What is being asked ▸ When the line with "- Black decal" turns up below, begin repeating exactly, and carry on through the line with "Add a pop of"; no pictures go into the copy.

Input ▸
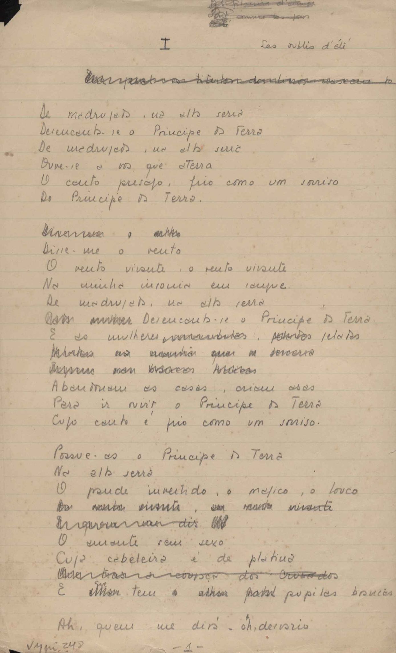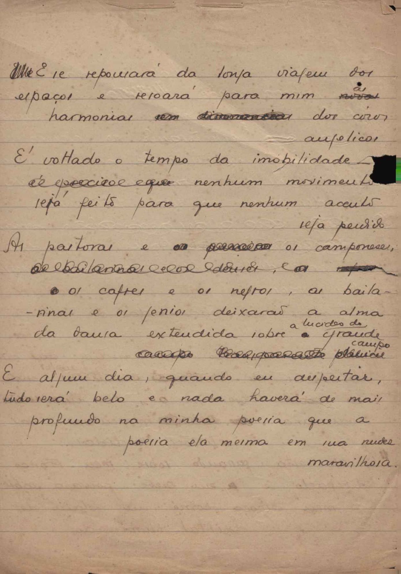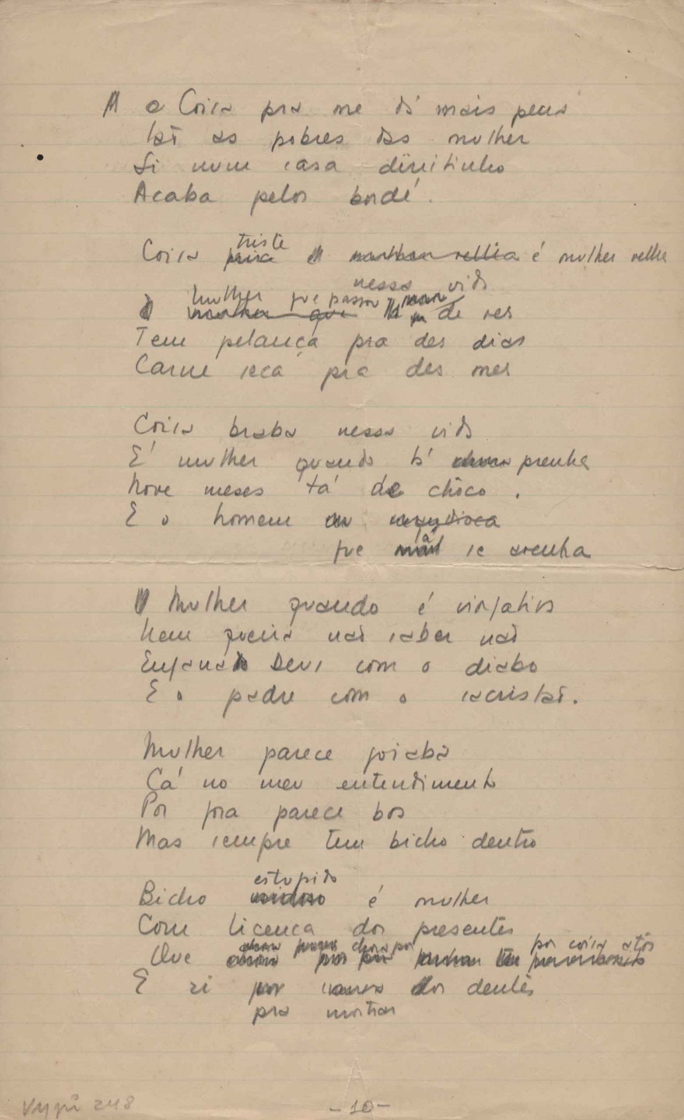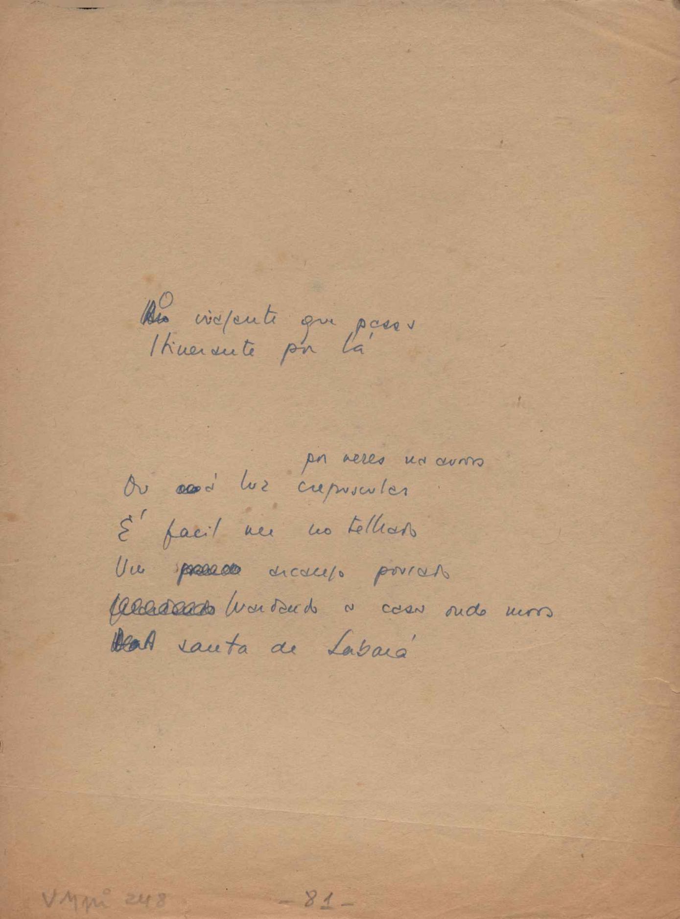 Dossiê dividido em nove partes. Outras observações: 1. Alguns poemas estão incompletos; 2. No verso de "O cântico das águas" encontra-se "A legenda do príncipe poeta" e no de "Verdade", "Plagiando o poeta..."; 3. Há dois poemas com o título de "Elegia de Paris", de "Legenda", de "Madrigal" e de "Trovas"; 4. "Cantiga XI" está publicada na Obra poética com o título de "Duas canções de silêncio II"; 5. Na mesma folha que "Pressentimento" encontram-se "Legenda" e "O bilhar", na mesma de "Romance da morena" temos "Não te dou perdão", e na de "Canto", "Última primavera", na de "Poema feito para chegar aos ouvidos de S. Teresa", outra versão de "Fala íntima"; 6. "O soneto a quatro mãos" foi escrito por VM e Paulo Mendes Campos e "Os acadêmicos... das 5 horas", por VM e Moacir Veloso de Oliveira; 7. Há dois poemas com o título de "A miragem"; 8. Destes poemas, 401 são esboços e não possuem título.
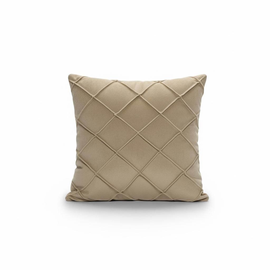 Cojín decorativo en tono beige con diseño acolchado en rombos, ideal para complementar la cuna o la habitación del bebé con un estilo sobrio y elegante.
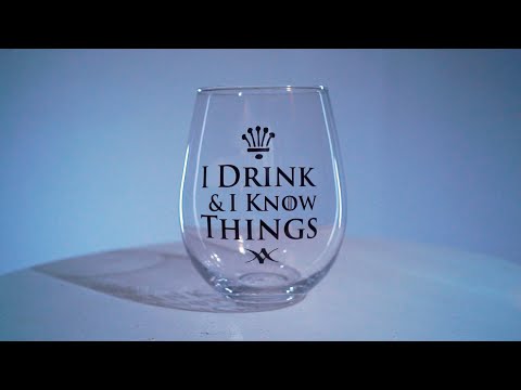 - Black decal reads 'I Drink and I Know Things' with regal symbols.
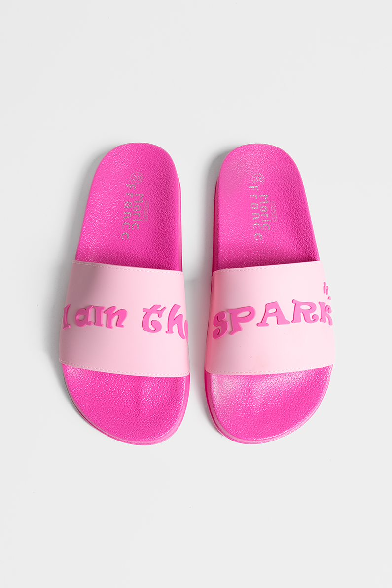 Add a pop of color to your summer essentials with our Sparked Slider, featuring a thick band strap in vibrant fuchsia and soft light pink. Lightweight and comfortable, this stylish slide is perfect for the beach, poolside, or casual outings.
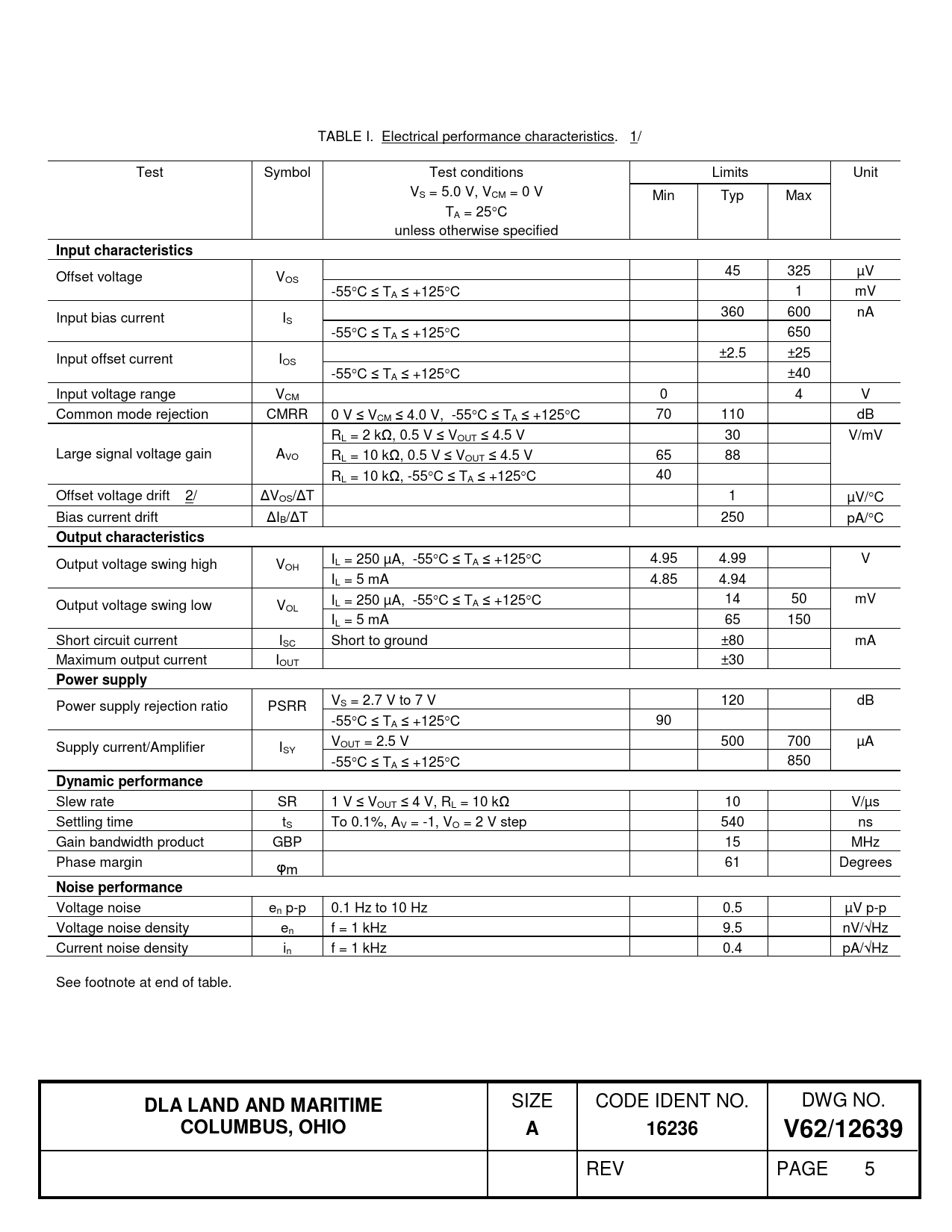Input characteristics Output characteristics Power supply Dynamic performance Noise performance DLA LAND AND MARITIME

---

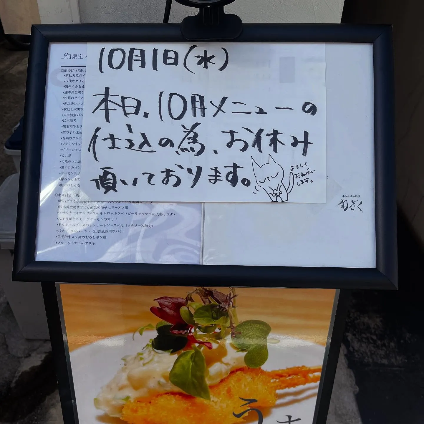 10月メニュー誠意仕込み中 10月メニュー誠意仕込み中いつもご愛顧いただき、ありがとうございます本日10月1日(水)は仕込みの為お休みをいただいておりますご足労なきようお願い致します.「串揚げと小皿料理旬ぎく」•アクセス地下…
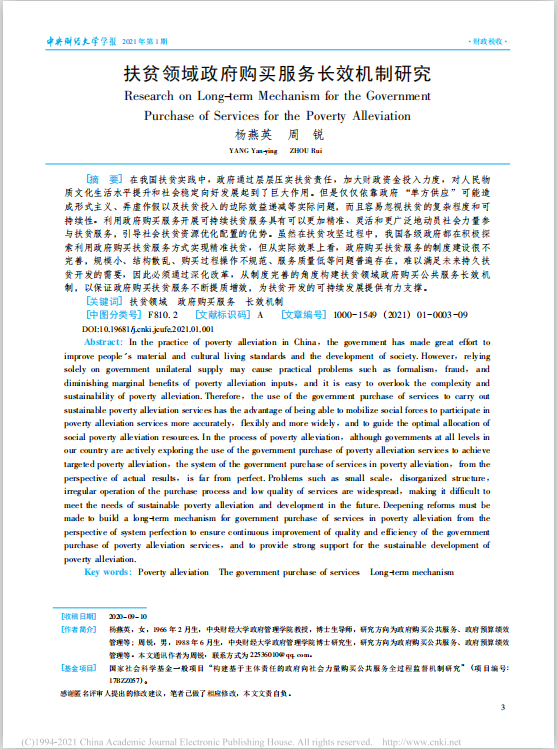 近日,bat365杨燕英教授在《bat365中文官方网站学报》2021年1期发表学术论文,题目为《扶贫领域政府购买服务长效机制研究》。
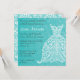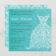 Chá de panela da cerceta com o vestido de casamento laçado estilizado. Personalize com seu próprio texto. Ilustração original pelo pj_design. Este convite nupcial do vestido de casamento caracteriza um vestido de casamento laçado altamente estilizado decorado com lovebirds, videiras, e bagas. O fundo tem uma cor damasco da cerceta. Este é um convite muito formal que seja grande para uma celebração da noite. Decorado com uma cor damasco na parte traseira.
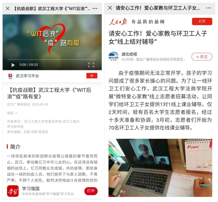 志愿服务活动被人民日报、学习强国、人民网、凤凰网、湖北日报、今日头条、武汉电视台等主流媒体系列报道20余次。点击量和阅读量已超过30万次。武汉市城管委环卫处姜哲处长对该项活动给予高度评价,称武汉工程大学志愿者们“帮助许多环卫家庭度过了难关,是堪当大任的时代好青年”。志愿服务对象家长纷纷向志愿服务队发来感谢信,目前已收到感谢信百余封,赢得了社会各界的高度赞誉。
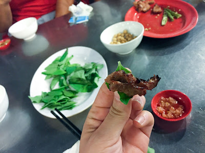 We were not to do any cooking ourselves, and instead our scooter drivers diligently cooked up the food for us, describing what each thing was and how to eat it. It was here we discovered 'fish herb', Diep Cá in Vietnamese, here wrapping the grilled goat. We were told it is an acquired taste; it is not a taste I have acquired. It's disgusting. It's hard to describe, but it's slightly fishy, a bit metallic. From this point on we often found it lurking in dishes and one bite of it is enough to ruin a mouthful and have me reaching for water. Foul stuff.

* * *

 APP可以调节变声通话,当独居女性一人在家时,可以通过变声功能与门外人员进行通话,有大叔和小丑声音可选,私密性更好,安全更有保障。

Answer to the problem ▸
 - Black decal reads 'I Drink and I Know Things' with regal symbols.
 Add a pop of color to your summer essentials with our Sparked Slider, featuring a thick band strap in vibrant fuchsia and soft light pink. Lightweight and comfortable, this stylish slide is perfect for the beach, poolside, or casual outings.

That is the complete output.